_The records_

━━━━

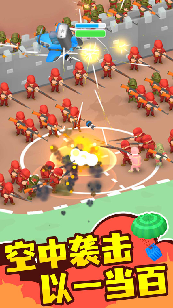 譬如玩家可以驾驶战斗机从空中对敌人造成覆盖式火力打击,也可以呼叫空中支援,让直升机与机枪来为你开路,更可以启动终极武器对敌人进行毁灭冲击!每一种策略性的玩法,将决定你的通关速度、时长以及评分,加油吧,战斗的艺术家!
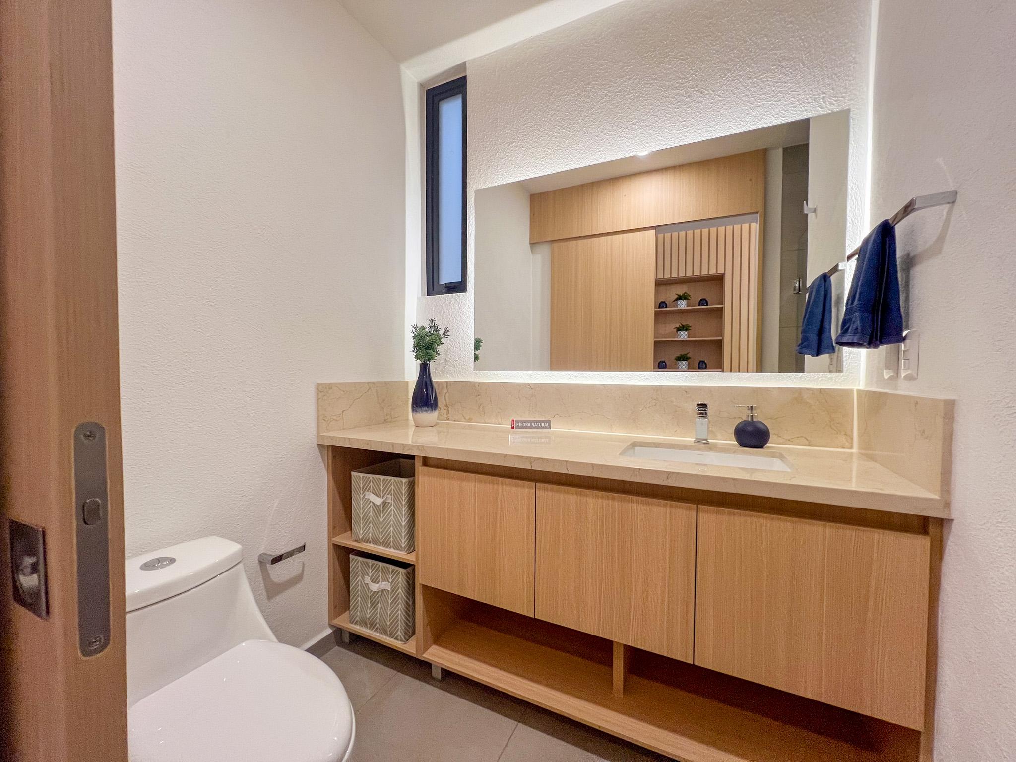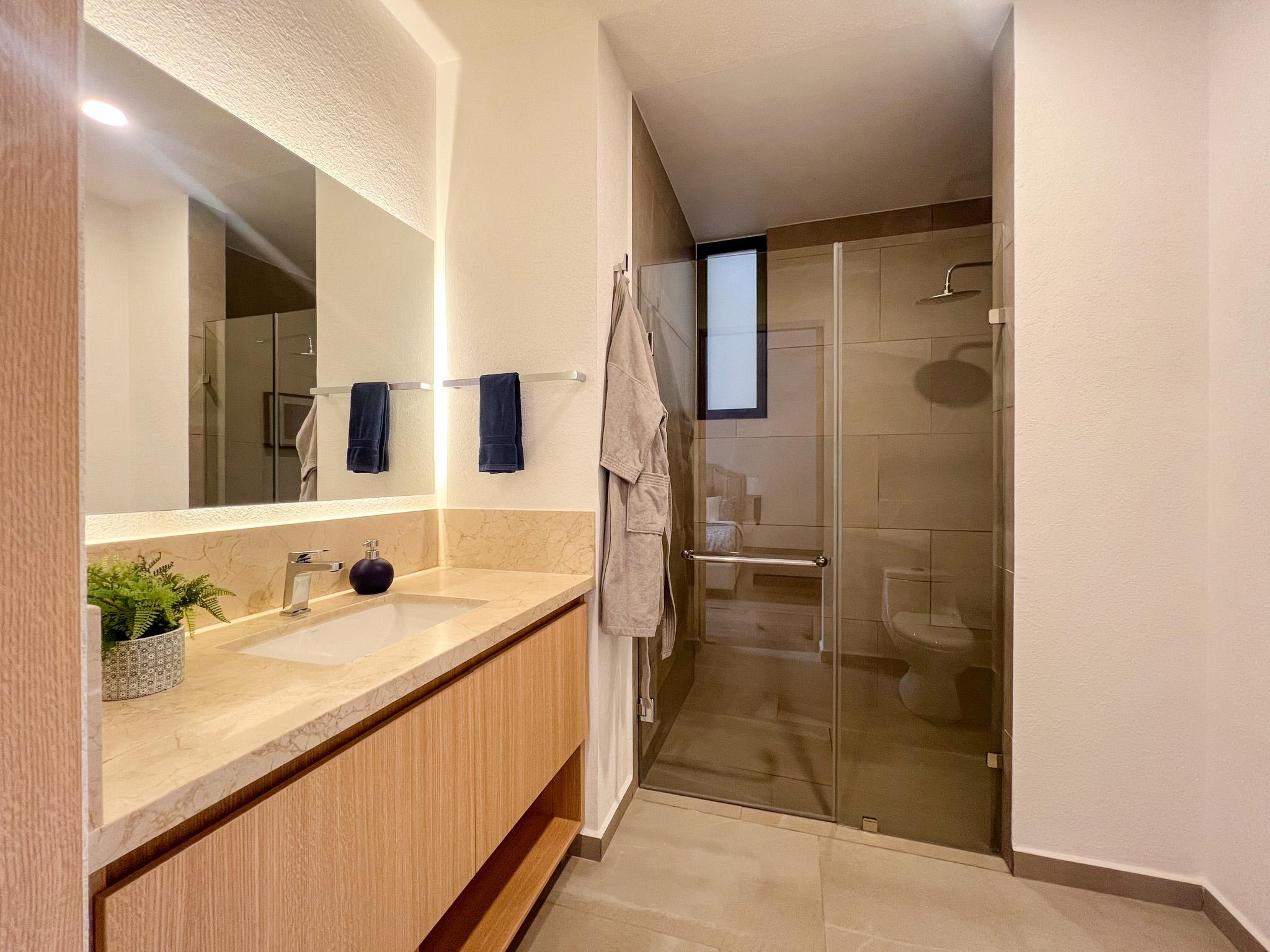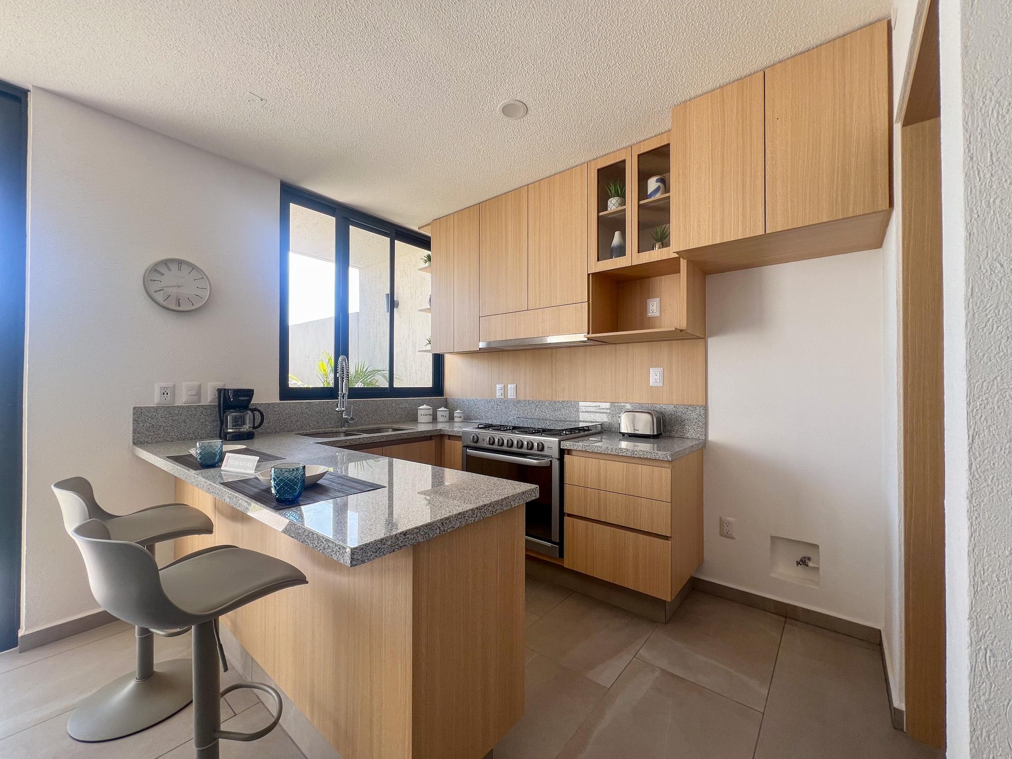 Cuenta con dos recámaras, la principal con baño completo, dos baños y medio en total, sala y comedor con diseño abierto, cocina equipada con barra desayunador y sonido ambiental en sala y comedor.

━━━━

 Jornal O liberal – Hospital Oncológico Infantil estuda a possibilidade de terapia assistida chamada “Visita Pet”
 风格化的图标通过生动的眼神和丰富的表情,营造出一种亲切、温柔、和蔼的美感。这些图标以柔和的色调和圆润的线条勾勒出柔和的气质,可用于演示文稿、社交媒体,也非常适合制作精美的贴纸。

━━━━

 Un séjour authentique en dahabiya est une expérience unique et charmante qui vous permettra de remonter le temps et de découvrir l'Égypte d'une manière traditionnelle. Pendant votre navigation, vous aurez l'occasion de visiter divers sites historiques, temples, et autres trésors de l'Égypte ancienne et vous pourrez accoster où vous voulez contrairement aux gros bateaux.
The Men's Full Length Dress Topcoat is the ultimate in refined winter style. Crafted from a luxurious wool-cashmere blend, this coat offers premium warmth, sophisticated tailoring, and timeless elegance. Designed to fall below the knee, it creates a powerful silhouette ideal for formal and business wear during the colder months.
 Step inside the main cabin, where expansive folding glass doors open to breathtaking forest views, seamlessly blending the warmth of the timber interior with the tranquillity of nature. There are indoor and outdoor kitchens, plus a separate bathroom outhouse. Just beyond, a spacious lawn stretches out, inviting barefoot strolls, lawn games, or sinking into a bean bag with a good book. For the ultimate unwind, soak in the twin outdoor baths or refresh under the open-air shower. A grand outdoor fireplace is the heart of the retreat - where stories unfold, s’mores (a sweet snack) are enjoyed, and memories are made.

━━━━

_Your task_
Everything from the line with "譬如玩家可以驾驶战斗机从空中" through the line with "Cuenta con dos" in the material above should be transcribed exactly, except the pictures.

_Answer for the task_
 譬如玩家可以驾驶战斗机从空中对敌人造成覆盖式火力打击,也可以呼叫空中支援,让直升机与机枪来为你开路,更可以启动终极武器对敌人进行毁灭冲击!每一种策略性的玩法,将决定你的通关速度、时长以及评分,加油吧,战斗的艺术家!
 Cuenta con dos recámaras, la principal con baño completo, dos baños y medio en total, sala y comedor con diseño abierto, cocina equipada con barra desayunador y sonido ambiental en sala y comedor.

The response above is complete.